Message queue settings:

# sysctl kernel.msg{max,mni,mnb}
kernel.msgmax = 2097152000
kernel.msgmni = 256000000
kernel.msgmnb = 2097152000


Thanks.

Re: NagiosXI UI 'Last Check' Lagging Behind

Posted: Mon May 06, 2019 10:31 am
by benjaminsmith
Hi @azreenariff,

Thank you for your last reply and uploading the screen shots. I've discussed your system internally here with the support team. What's happening here is that the sever is lagging due to the large number of hosts and services. Generally at 10K total combined host/service checks we recommend that you setup a RAMDisk (you've already done this). At around 20K, we recommend you start looking at adding an additional XI server because they can only process so much. Now this may come sooner or later than 20K depending on what type of checks you are running, how much resources they use, your hardware speed, and what you're doing to mitigate the impact.

Recommendations:

1. Execution Time Plugin. You should run this check profiler script and see what long running checks you have and determine what some of your long running checks are, they consume resources the whole time they are running so reducing those helps a lot:

https://exchange.nagios.org/directory/P ... me/details

2. Mod-Gearman. The next step would be for you to look at offloading the checks using mod gearman to reduce the impact on the XI server (you've already done this as well), this would be my recommendation at what you can do to add more services and alleviate the system issues. There's just so much going with around 20K checks that you will need to do what you can to mitigate the impact such as using mod gearman, please see here for more information:

https://assets.nagios.com/downloads/nag ... ios_XI.pdf
https://support.nagios.com/kb/article.php?id=484

NOTE: Make sure that you follow the "Remote Worker Considerations" and the "Host groups and Service groups" sections from the second link above and then follow the "Disable Worker" section from the first link once you've setup your exclude groups.
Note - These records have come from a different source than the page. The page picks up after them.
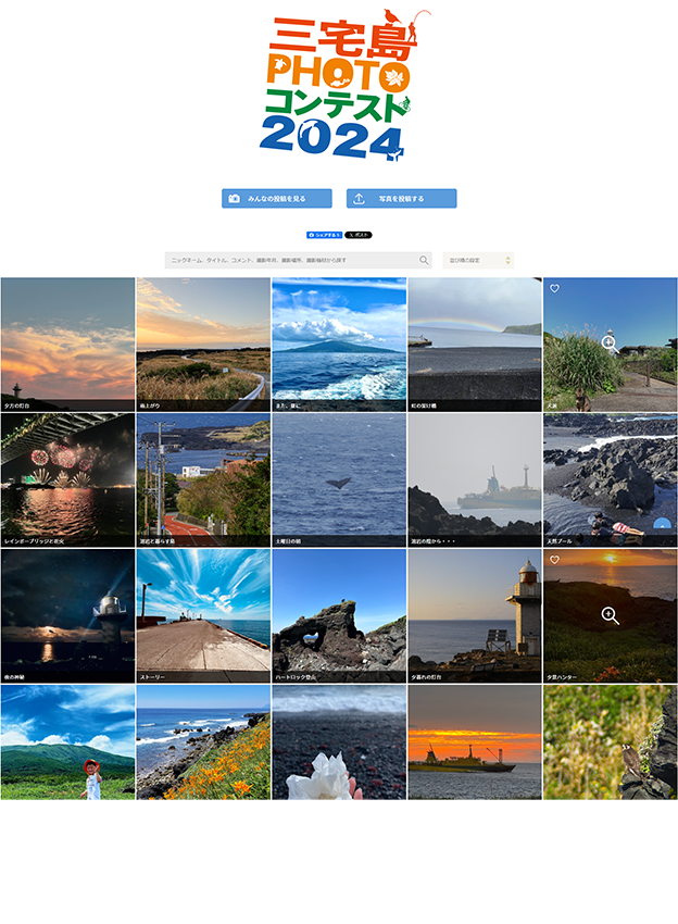 三宅島観光協会様 - 募集テーマは「三宅島の魅力を捉えており、三宅島のPRとなる写真」です。作品へのいいね機能をご活用いただいており、審査員審査に加え、いいね数が多く集まった作品を選ぶ一般審査の2つの審査方法で入選作品を選出されています。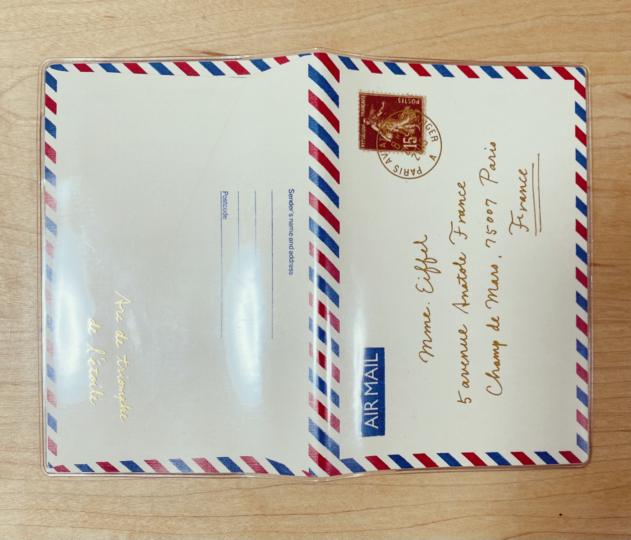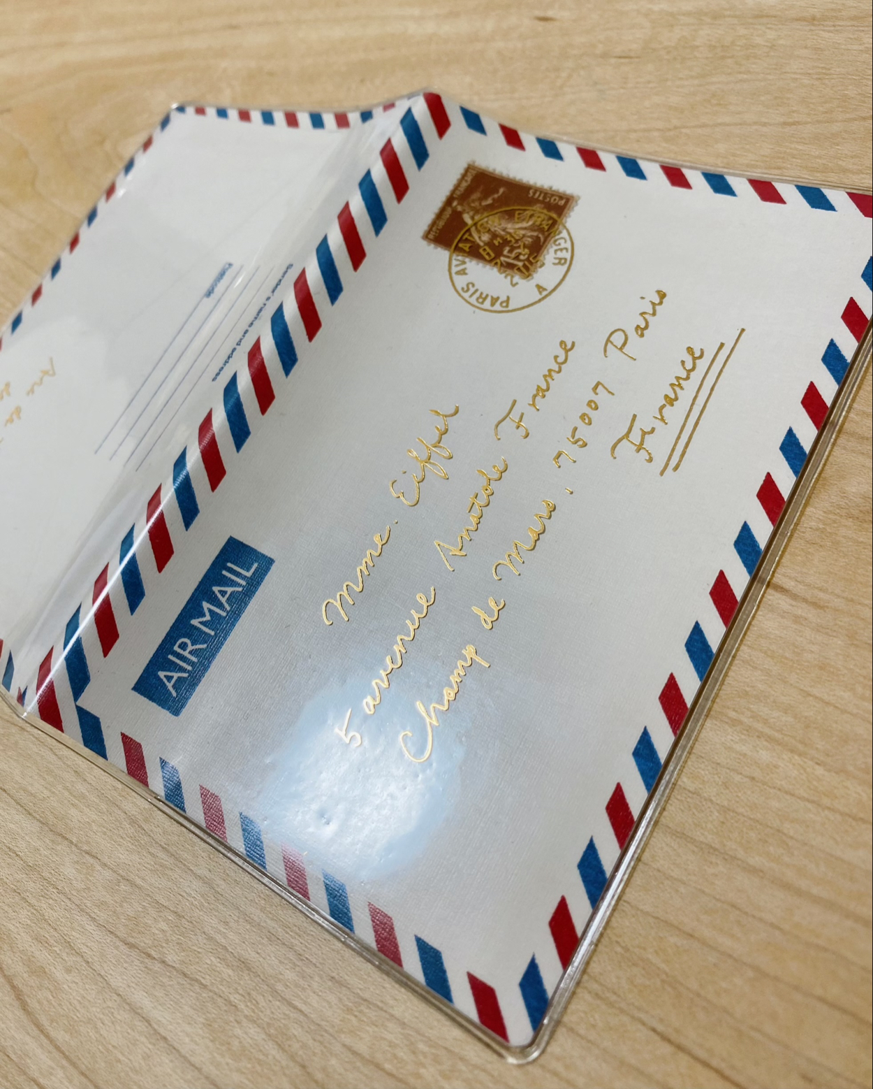 エアメールダイアリー hiroko kimura 企画デザイン OVERVIEW 商品 手帳 Monthly A6 Diary Airmail YEAR 2013 海外の紙ものが好きで収集していた中で、特にエアメールのデザインが気に入っていたのでモチーフにしました。4色印刷の紙+透明カバーに艶消し金箔で少し立体感を出して気分が上がるように。ちなみに、宛先はエッフェル塔になってます。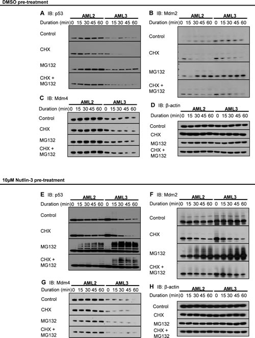 Mdm2 in both cell lines behaved as expected after nutlin-3 withdrawal (Figure 2F). The half-lives of Mdm2 in both AML2 and AML3 were similar, and the level of ubiquitination were comparable. However, the levels of Mdm4 between the two cell lines were different, with Mdm4 in AML3 being rapidly degraded (Figure 2G). On the other hand, Mdm4 levels in AML2 remained steady throughout the entire interval, even in the presence of CHX and/or MG132. Figure 2H shows the β-actin loading control.

Please read through this doc as well, with the number of checks you are running I would leave the DB local though at this point in time because of the large amount of total checks you have, it requires a lot of throughput to the DB (recommended enabling jumbo_frames):

https://assets.nagios.com/downloads/nag ... ios-XI.pdf

3. Adjust Database Settings. Go to Admin > Performance Settings > Databases and adjust your retention settings to the smallest values you can, you're trying to cram way more into a single system than we recommend so you'll need to make some sacrifices somewhere to mitigate that.

4. Truncate Tables. Your nagios_logentries is huge, want a perfomance boost? Truncate your large tables:
- This will likely speed up KMQ processing so try this first

| nagios_logentries | 10757.31 |
| nagios_notifications | 6351.91 |

Follow this guide here:
- Specifically, follow this section "In certain instances, it may be necessary to truncate (empty) one or more tables" on page 5 of the PDF

https://assets.nagios.com/downloads/nag ... tabase.pdf

4. Move your DB back to local. This SHOULD fix the kernel message queue processing quick enough (that's the lag you are seeing)
- That's the only solution I've ever been able to find to this "customer has too many hosts/service checks on a single system to process the kernel message queue fast enough across the network" issue.

5. Additional XI Server. Consider a new XI license and split the load.

Let us know if you have any questions or if we can clarify anything

Re: NagiosXI UI 'Last Check' Lagging Behind

Posted: Mon May 06, 2019 9:47 pm
by azreenariff
Hi Benjamin,

You've been really helpful. Thank you so much for your kind support. We will see what we can do based on all your recommendations.

Thanks again.

Re: NagiosXI UI 'Last Check' Lagging Behind

Posted: Tue May 07, 2019 10:37 am
by benjaminsmith
Hi @azreenariff,

Glad to be of service, and I will keep this post open if you have any other questions.

Thanks!